PSB’s digital credit risk management services include a unified credit extension management system based on intelligent risk control. The bank employs microservices and distributed architecture to enable comprehensive, green, and real-time credit management that unifies credit extension and control for customers. Since launching, the system has embraced all types of credit customer, providing protection with instant approval and lending services, thus balancing risk control and customer experience. It provides automated retail credit reviews that cut in half the credit-approval workload at branches.
For non-retail businesses, PSB has developed a model for evaluating portfolio risks and a big data-based risk forecast model for small enterprises. It has also increased coverage of suspicious transaction monitoring for anti-money laundering management and enacted a text analysis model for consumer complaints.
Best Domestic Bank for Renminbi Internationalization: HarbinBank
The yuan is gaining worldwide acceptance as a tool for cross-border trade; China’s banks are taking the lead in promoting it. HarbinBank, which is based in the northeast and plays a major role in strengthening currency relations with Russia, wins the Best Domestic Bank for Renminbi Internationalization award.
Acceptance of the yuan has steadily risen since 2009, when the government started encouraging its use in bilateral trade settlements, and today, 30 countries settle in the currency.
Since March, trade settlements between China and Brazil have been made in their currencies rather than US dollars.
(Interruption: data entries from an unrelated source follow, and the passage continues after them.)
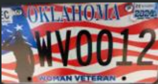
WVO License Plate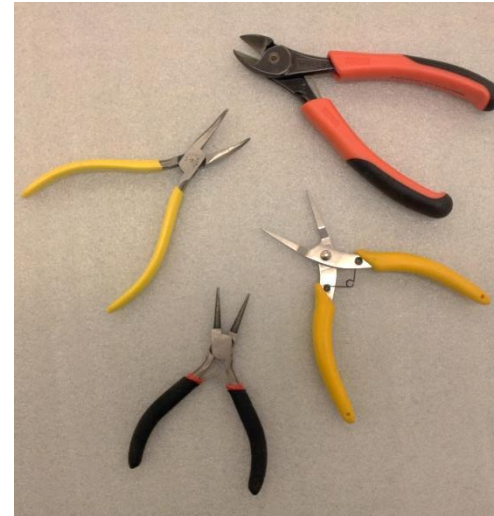
Clockwise from top: side cutters, flat pliers, round nose pliers, pinning pliers

We use Bahco side cutters (2101G-160) for snipping pins, they seem to cut through quite thick metal relatively easily, and can be purchased from Amazon.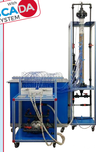
EFLPC Computer Controlled Deep Bed Filter Unit

Since April, Argentina has used renminbi alone for Chinese imports. And HarbinBank continues to develop cross-border e-commerce with Russia through Sino-Russia online settlement products. It now supports more than 10 payment tools in Russia. The bank has also helped develop the Sino-Russia settlement center in the Harbin Area of Heilongjiang Free Trade Zone which handles more than ¥15 billion in transactions annually.
Best Domestic Bank for Belt and Road: ICBC
China’s decade-old Belt and Road Initiative, which fosters trade and infrastructure investments, has as its adage that good business is not a zero-sum but a win-win. A standout in putting the argument across is ICBC, winner of the Best Domestic Bank for Belt and Road award.
ICBC advertises itself as promoting inclusiveness and pursuing mutual benefits, common interests, and cooperation in its trade and infrastructure deals, along with sustainable development and corporate social responsibility. It has long encouraged cross-border cooperation, financing hundreds of projects in more than 70 countries. Focus areas include export credit, resource-backed structured financing, cross-border mergers and acquisitions, aircraft and ship financing, international syndicated loans, and advisory services.
ICBC has worked as a financial advisor on significant foreign oil, gas, and mineral projects encompassing resource development, pipelines, and receiving terminals. It also promotes green investments and carbon trading as part of its Belt and Road effort, working, it says, to extend the win-win worldwide.